La mujer sonrió. Myron se esperaba una dentadura catastrófica, pero la mujer tenía una boca perfecta, con unos dientes que hasta eran blancos. Le echó unos cincuenta años, pero quizá fueran algunos menos. Era grande y corpulenta, y estaba algo desaliñada, bien entrada en carnes, pero de algún modo aquella sonrisa lo arreglaba todo.
—Eres estadounidense —dijo.
—Sí.
—Tengo muchos clientes estadounidenses.
—No parece que tengas mucha competencia.
—Ya no, es cierto. Hoy en día las jovencitas ya no hacen la calle. Lo hacen todo por ordenador, o con alguna app.
—Pero tú no.
—No, no me va, ¿sabes lo que quiero decir? Es de lo más frío: todo el mundo en Tinder u Ohlala o donde sea... Es una pena. ¿Qué ha sido del contacto humano? ¿Qué ha sido del toque personal?
—Ya —respondió Myron, no muy seguro de qué añadir.
—A mí me gusta la calle. Así que mi modelo de negocio es básicamente el estilo clásico, ¿sabes lo que digo? Yo apelo a la... ¿Cómo se dice? —Se quedó pensando un instante y luego chasqueó los dedos—. ¡Nostalgia! Sí, ¿no? O sea, la gente está de vacaciones. Visitan King’s Cross para ver putas, no para jugar con el iPhone, ¿sabes lo que digo?
—Ajá.
—Quieren la experiencia completa. Esta calle, esta ropa, mi forma de actuar, lo que digo... Es lo que llaman cubrir un nicho de mercado.
—Siempre está bien cubrir una necesidad.
—Yo antes hacía porno.
Se quedó esperando.
—Oh, probablemente no me reconozcas. Solo hice tres películas, cuando... Bueno, no te cuento más. Una no puede contar todos sus secretos. Mi papel más famoso fue el de criada en una escena con aquel italiano famoso, Rocky o Rocco Nosequé. Pero durante años fui una estimuladora de primera. Sabes lo que es eso, ¿no? Estimuladora.
—Creo que sí lo sé.
—Lo cierto es que a la mayoría de los tipos, con las cámaras, las luces y toda esa gente mirando, bueno, no les resultaba fácil mantenerla... bueno, dura. Así que para eso estábamos las estimuladoras. Fuera de plano. Oh, era un trabajo estupendo. Lo hice durante años. Conocía todos los trucos, te lo aseguro.
—No me cabe la menor duda.
—Pero entonces llegó la Viagra y, bueno, una píldora costaba mucho menos que una chica. En realidad es una pena. Las estimuladoras somos una raza extinguida. Como los dinosaurios o las cintas VHS. Así que aquí estoy otra vez, haciendo la calle.
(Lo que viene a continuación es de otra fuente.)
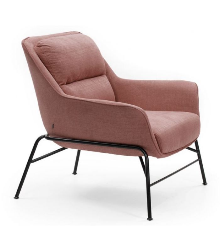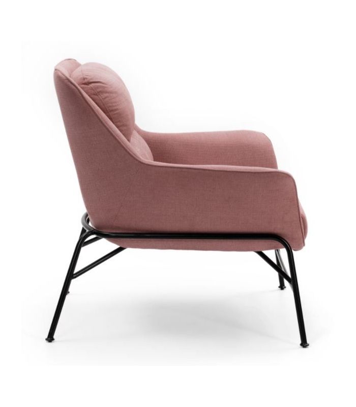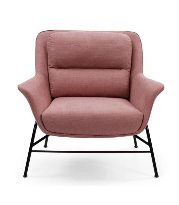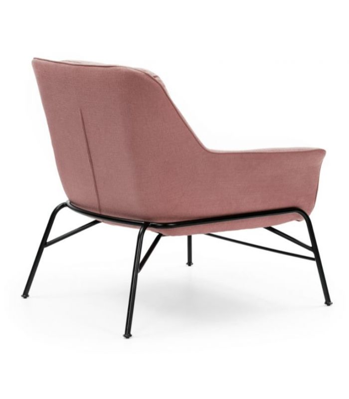Butaca Sadira, Esta compuesta por asiento y respaldo tapizado en tejido de color coral y patas matálicas de una sola pieza que recubre todo el asiento con acabado en color negro. Esta butaca es de estilo moderno, minimalista que aporta el máximo confort.  La colección Sadira ha sido cuidada hasta el último detalle. Disponible en 4 colores.
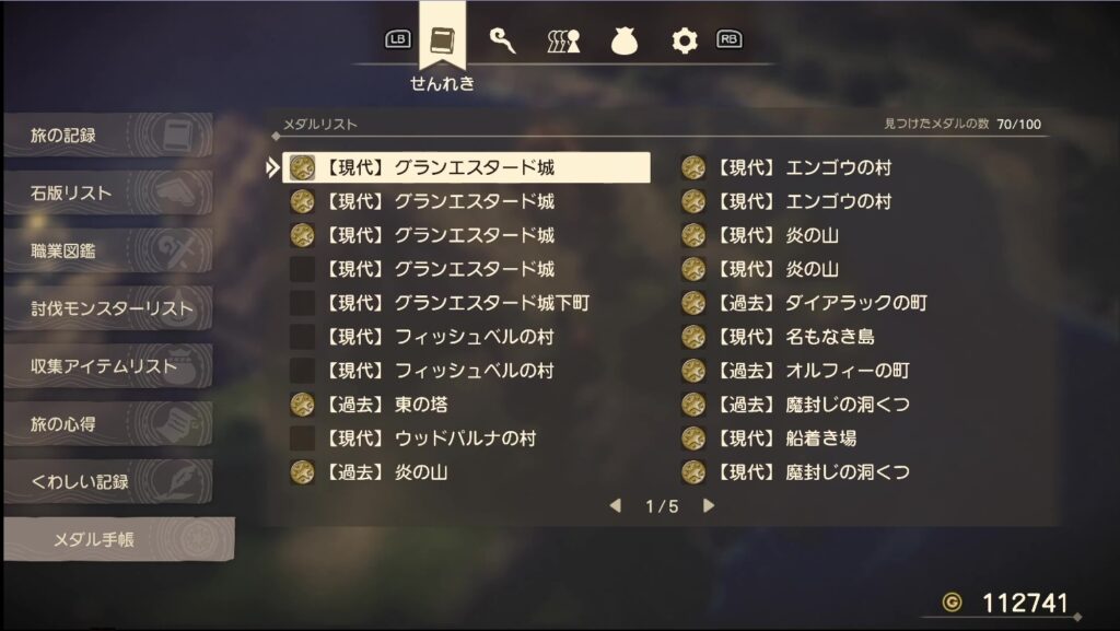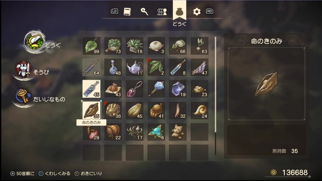 これまでは「レミラーマ」を連打して怪しい場所を調べるのがお約束だったが、今作では「町やダンジョンごとの取得リスト(コンプリート状況)」が確認できるようになり、さらに落ちている場所が最初からキラキラ光っている。
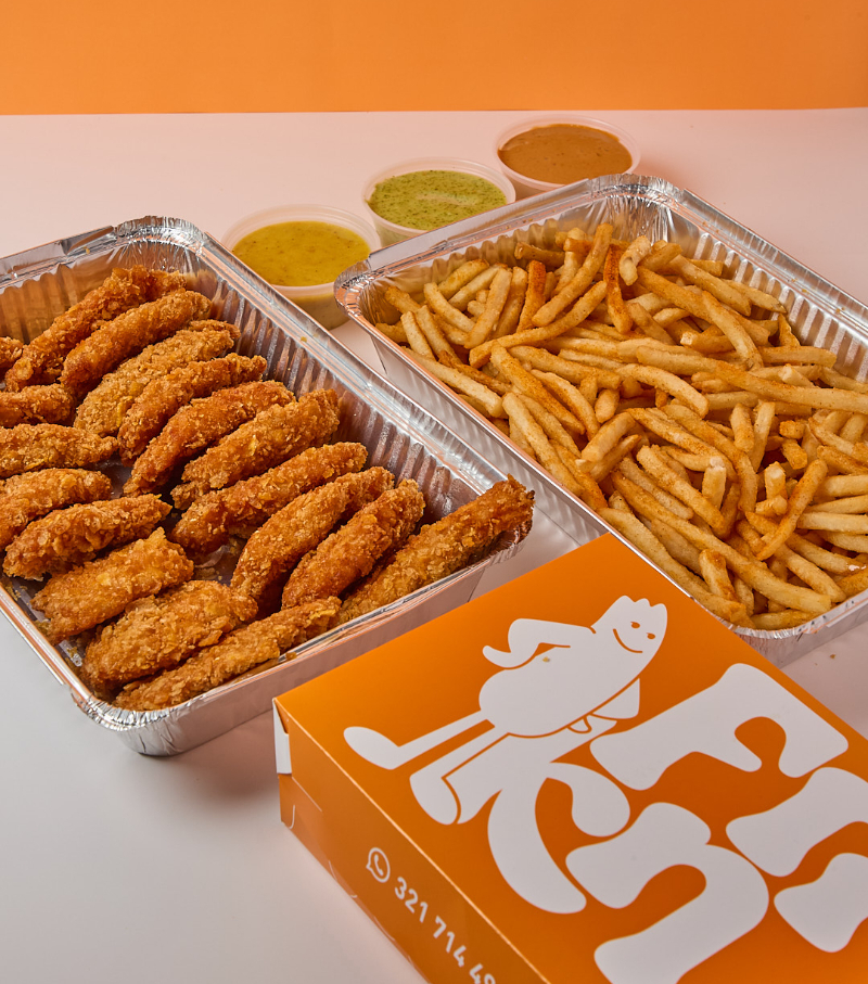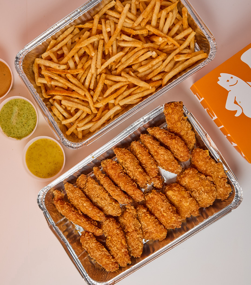 25 Tender de Pollo apanado (60gr/und), 6 rebanadas de Pan brioche con mantequilla, 4 ensalada coleslaw de 100gr, 480gr de papas a la francesa, 2 salsas de 7oz.

Aunque no es que me queje, ¿eh? ¿Verdad que me entiendes?
—Perfectamente.
—Y hablando de todo un poco, el reloj hace tictac.
—No te preocupes.
—Algunas chicas venden su cuerpo. Yo no. Yo vendo mi tiempo. Como un asesor o un abogado. Lo que hagas tú con ese tiempo (y, tal como te digo, ya ha empezado a correr) es cosa tuya. Así que... ¿Qué es lo que buscas, guapo?
—Hum... A un joven —dijo Myron, y la sonrisa de ella desapareció.
—Venga ya.
—Es un adolescente.
—Naaa —respondió ella, dando un manotazo al aire—. Tú no eres un asaltacunas.
—¿Un qué?
—Un asaltacunas. Un pedófilo. No vas a decirme que eres un pedófilo, ¿no?
—Oh, no. Qué va. Solo lo estoy buscando. No quiero hacerle ningún daño.
Ella apoyó las manos en las caderas y se lo quedó mirando un buen rato.
—¿Por qué te creo?
Myron le mostró su sonrisa más seductora.
—Por mi sonrisa.
—No, pero tienes un rostro que inspira confianza. Esa sonrisa es de lo más siniestra.
—Se suponía que tenía que ser irresistible.
—No lo es.
—Solo intento ayudarlo —dijo Myron—. Corre un gran peligro.
—¿Y qué te hace pensar que te puedo ayudar?
—Estuvo aquí ayer. Trabajando.
—Ah.
—¿Qué?
—Ayer.
—Sí.
—¿Así que fuiste tu quien mató a esos patanes bocazas?
—No.
—Qué lástima —dijo ella—. Te habría regalado un servicio gratis.
—Ese chico corre un gran peligro.
—Ya me lo has dicho.
La mujer dudó un momento. Myron sacó la cartera, pero ella le hizo un gesto para que la guardara.
—No quiero tu dinero. O sea, sí que lo quiero. Pero no por eso.
Parecía confusa.
Myron se llevó un dedo a la cara.
—El rostro que inspira confianza, ¿recuerdas?
—Ninguno de los chicos volverá por aquí en un buen tiempo, con tanto poli por todas partes. Irán a su otro lugar de trabajo.
—¿Y eso dónde es?
—Hampstead Heath. Suelen ponerse por el extremo oeste de Merton Lane.